Task Watchdog

Overview

Many microcontrollers feature a hardware watchdog timer peripheral. Its purpose is to trigger an action (usually a system reset) in case of severe software malfunctions. Once initialized, the watchdog timer has to be restarted (“fed”) in regular intervals to prevent it from timing out. If the software got stuck and does not manage to feed the watchdog anymore, the corrective action is triggered to bring the system back to normal operation.

In real-time operating systems with multiple tasks running in parallel, a single watchdog instance may not be sufficient anymore, as it can be used for only one task.
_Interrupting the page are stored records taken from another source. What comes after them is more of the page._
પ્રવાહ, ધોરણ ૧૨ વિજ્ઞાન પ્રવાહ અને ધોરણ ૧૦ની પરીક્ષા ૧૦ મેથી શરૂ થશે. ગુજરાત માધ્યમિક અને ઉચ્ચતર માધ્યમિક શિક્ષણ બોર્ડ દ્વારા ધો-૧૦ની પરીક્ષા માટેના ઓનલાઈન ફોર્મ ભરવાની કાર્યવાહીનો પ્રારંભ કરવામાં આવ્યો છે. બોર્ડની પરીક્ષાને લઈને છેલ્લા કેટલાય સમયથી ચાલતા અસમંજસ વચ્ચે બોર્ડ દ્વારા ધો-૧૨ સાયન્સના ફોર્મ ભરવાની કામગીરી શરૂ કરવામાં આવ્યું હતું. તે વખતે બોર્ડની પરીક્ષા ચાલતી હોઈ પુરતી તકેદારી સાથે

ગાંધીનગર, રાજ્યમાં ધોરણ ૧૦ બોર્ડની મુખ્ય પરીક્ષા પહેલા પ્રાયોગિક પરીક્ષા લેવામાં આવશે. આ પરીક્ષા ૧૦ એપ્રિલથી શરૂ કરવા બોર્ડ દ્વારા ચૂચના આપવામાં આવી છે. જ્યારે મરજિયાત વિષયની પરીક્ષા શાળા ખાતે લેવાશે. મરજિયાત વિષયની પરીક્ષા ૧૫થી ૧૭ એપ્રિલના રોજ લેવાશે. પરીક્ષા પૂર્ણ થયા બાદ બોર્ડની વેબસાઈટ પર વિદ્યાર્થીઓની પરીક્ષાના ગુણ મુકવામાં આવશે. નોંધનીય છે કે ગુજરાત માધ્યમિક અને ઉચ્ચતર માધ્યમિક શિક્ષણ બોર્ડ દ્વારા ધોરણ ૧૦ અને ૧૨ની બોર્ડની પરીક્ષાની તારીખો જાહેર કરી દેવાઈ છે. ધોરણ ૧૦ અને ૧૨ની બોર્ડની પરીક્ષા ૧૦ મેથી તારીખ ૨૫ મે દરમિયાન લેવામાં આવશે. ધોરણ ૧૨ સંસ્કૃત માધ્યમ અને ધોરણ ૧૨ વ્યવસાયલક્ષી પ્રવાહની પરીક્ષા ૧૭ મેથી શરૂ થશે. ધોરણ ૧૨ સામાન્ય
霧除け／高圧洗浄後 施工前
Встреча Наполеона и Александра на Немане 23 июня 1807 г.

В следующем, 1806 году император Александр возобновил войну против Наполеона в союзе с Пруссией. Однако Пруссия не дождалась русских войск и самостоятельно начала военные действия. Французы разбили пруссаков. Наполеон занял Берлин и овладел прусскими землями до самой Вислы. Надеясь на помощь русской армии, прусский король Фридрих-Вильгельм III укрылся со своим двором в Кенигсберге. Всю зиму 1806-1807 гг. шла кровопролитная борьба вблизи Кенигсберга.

This software watchdog based on kernel timers provides a method to supervise multiple threads or tasks (called watchdog channels).
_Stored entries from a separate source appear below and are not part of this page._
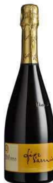
VINO MOSCATO DOCG FIORI D'ARANCIO BIO - 750 ML
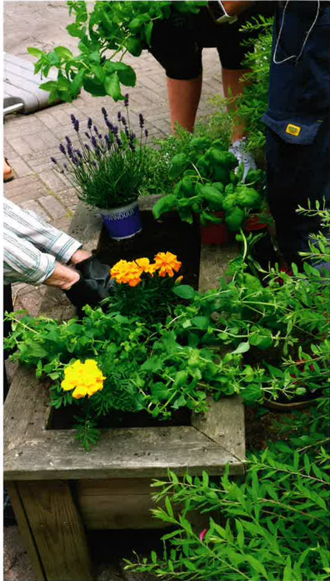
Kausikasvien ja yrttien istuttamista osallistavan toiminnan päivässä.
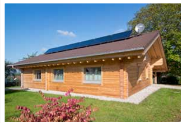
Die Fensterproportionen harmonisieren mit denen des Hauses.
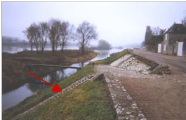
Vue du site BDHE 175 point de repère 228

Coordonnées WGS84 : X: 1.43225532 / Y: 47.65277890
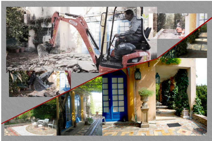
La terrasse de la Casa Nieves, avant et après les travaux.
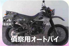
偵察用オートバイ
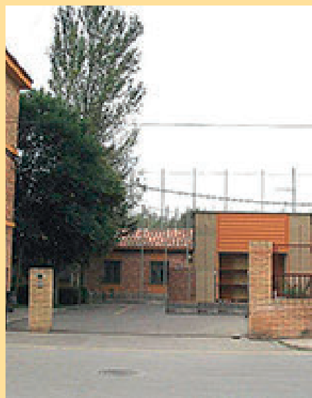
6. Centre Penitenciari Obert de Girona / Carrer Menorca, 16 de Girona.
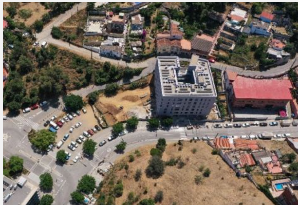
Promoció d'HPO en execució
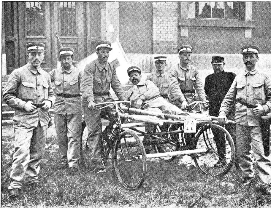
Improvisierte Fahrbahre, hergestellt aus zwei gewöhnlichen Velo.

100 Mann zählte. Für diesen Rückgang sind zweifellos mehrere Gründe vorhanden. Einmal ist die Bildung von Sanitätshilfskolonnen in der Schweiz erst im Anfang und die große Mehrzahl der Vereine hat sich noch nicht ernsthaft diesem wichtigen Gebiete gewidmet. Dann ist von verschiedenen Seiten geklagt worden, daß Leuten, die den Kurs mitzumachen beabsichtigt hatten, der nötige achttägige Urlaub vom Geschäft nicht erteilt wurde und schließlich ist es begreiflich, daß zahlreiche
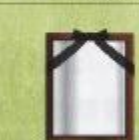
◆遺影写真・集合写真
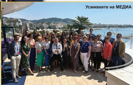
Усмивките на МЕДИА

Докато възстановяването от пандемията продължава, секторът е изправен пред нарастваща конкуренция
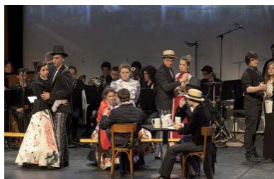
Bal en couleurs, un dimanche en musique
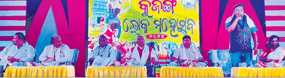
ମହୋତ୍ସବରେ ଯୋଗ ଦେଇଥିବା ଅତିଥିମାନେ।
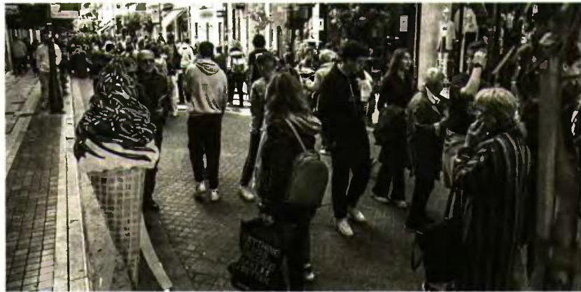
Ο αχαϊκή πρωτεύουσα εμφανίζεται ενισχυμένη με πληθυσμό 215.922 κατοίκους

Αναφορικά με τους δήμους που αποτελούν πρωτεύουσες Περιφερειακών Ενοτήτων, οι 24 κατέγραψαν αύξηση, μεταξύ αυτών και η Πάτρα. Το αστικό συγκρότημα σημείωσε αύξηση πληθυσμού, από 171.075 άτομα στην απογραφή
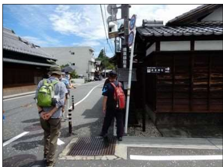
24 町並がノスタルジー
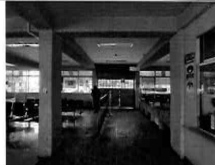
Figura 02: 1er Piso - bloque N° 01 Área de entrada principal
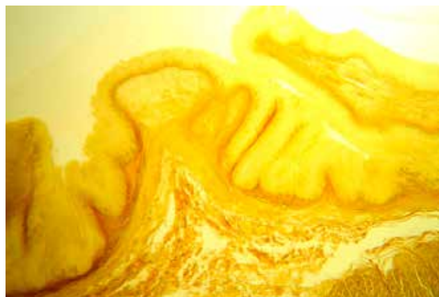
Рис. 1. Плоскоклеточный рак абдоминального отдела пищевода II стадии. Продольная гистотопограмма. Окраска по Ван-Гизону. Фото через МБС-10. Ок. 8. Об. 2

Подслизистая основа на протяжении опухоли выражена неравномерно. В передлах образующихся складок она резко утолщена и составляет основу таких складок. Мышечная оболочка пищевода на всём протяжении опухоли не изменена.

An existing hardware watchdog can be used as an optional fallback if the task watchdog itself or the scheduler has a malfunction.
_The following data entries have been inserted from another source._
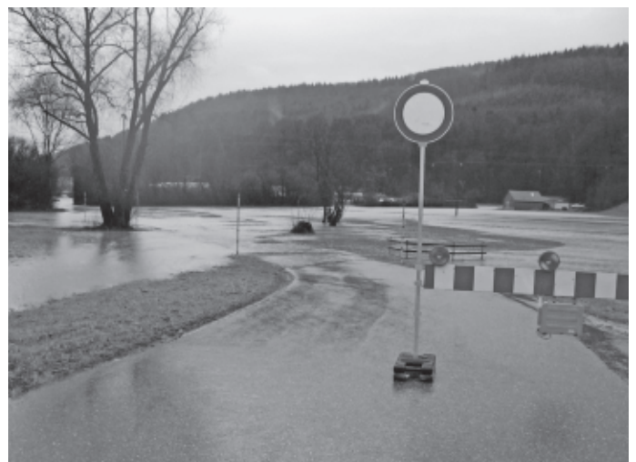
Die Rems verlässt ihr Bett nur im Bereich Herrenwiesen/Kläranlage und verursacht glücklicherweise keine größeren Schäden.
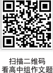
扫描二维码 看高中组作文题

“写作,绝不止有技巧与优美的词藻,其实书写的过程就是一种美妙的体验,它能够帮助同学们更细致的观察、感受、思考生活与整个世界。”台湾联合报系相关命题专家表示,借助这样的话题,既引导学生关注时代脉动,也能思新兴产业对于自身与人类的影响,同时,启学生思考,善用各种材料,组织理解,具体表达自己对电竞议题的见解与想,借此考验学生抒情意、理性论述的语言能力。
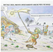
Gli auguri di Natale di Riso alla Foggiana
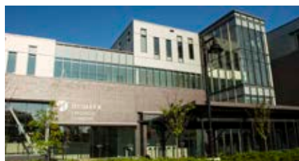
Humber College
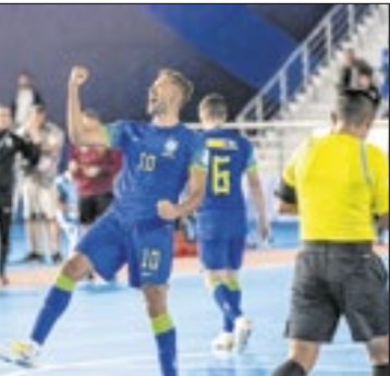
Brasil se classificou no mundial de futsal

O último compromisso da equipe canarinho na fase de grupos será contra a Tailândia, a
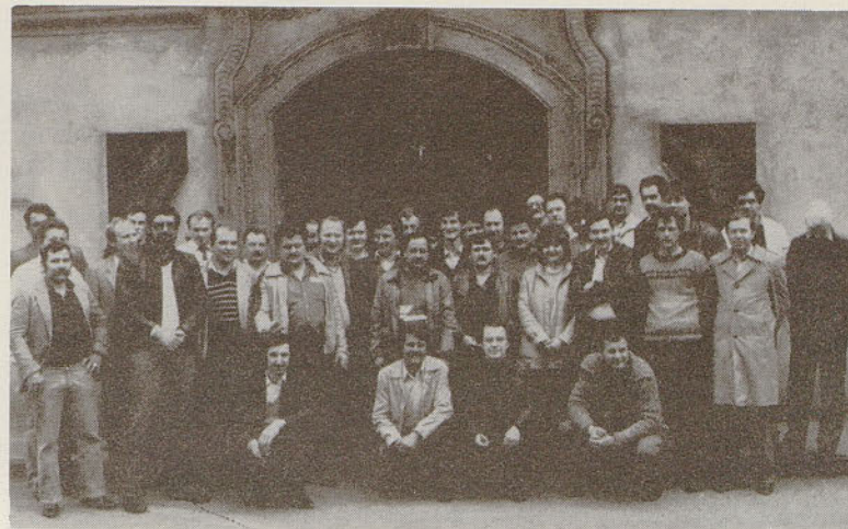
Udeleženci ekskurzije na Jesenicah

Analize potekajo po metodologiji za izdelavo strokovne dokumentacije, ki mora biti predložena zahtevi za določitev delovnega mesta, na ka-
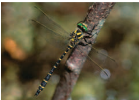
Slika 2: Veliki studenčar (Maja Brozovič)

VELIKI STUDENČAR je največji kačji pastir v Evropi. Odrasli samci so dolgi okoli 8, samice pa 9 cm. Telo je črno z rumenimi lisami.
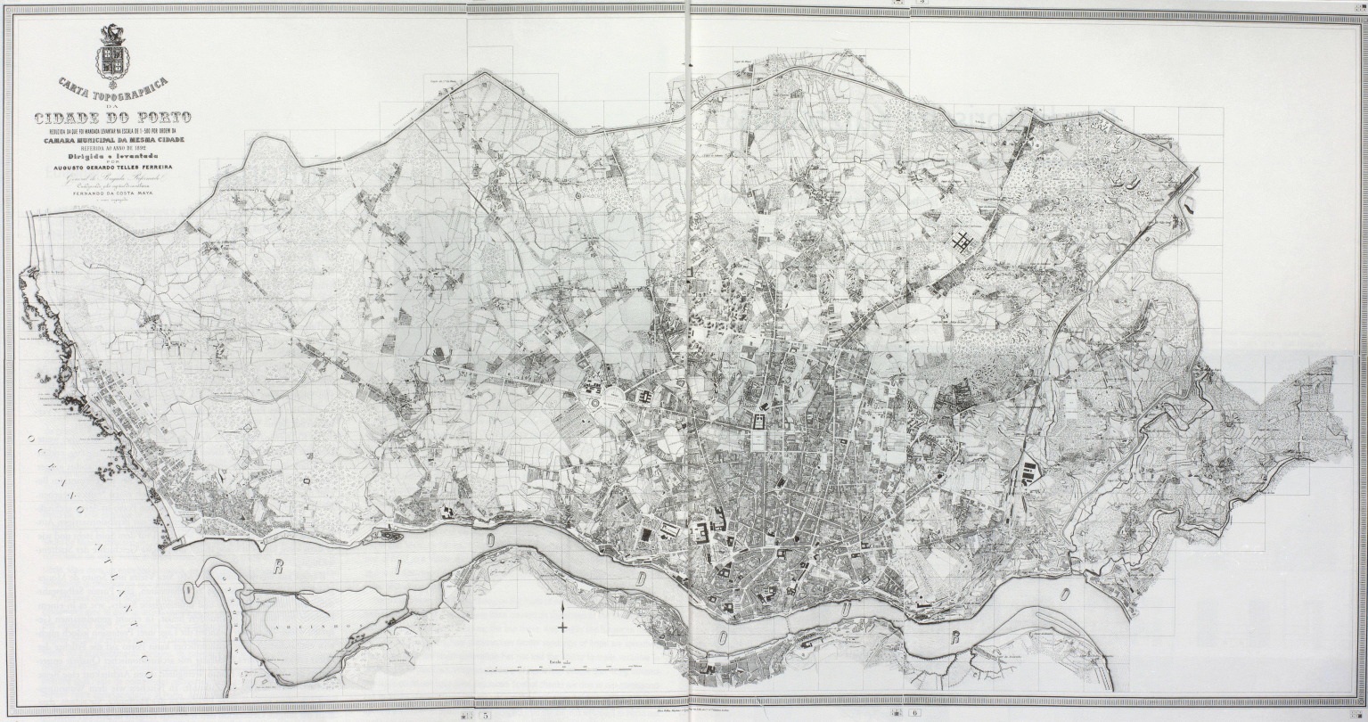
A. G. Telles Ferreira, topografische Karte der Stadt Porto, 1892.

The task watchdog uses a kernel timer as its backend. If configured properly, the timer ISR is never actually called during normal operation, as the timer is continuously updated in the feed calls.

It’s currently not possible to have multiple instances of task watchdogs. Instead, the task watchdog API can be accessed globally to add or delete new channels without passing around a context or device pointer in the firmware.

The maximum number of channels is predefined via Kconfig and should be adjusted to match exactly the number of channels required by the application.

Configuration Options

Related configuration options can be found under subsys/task_wdt/Kconfig.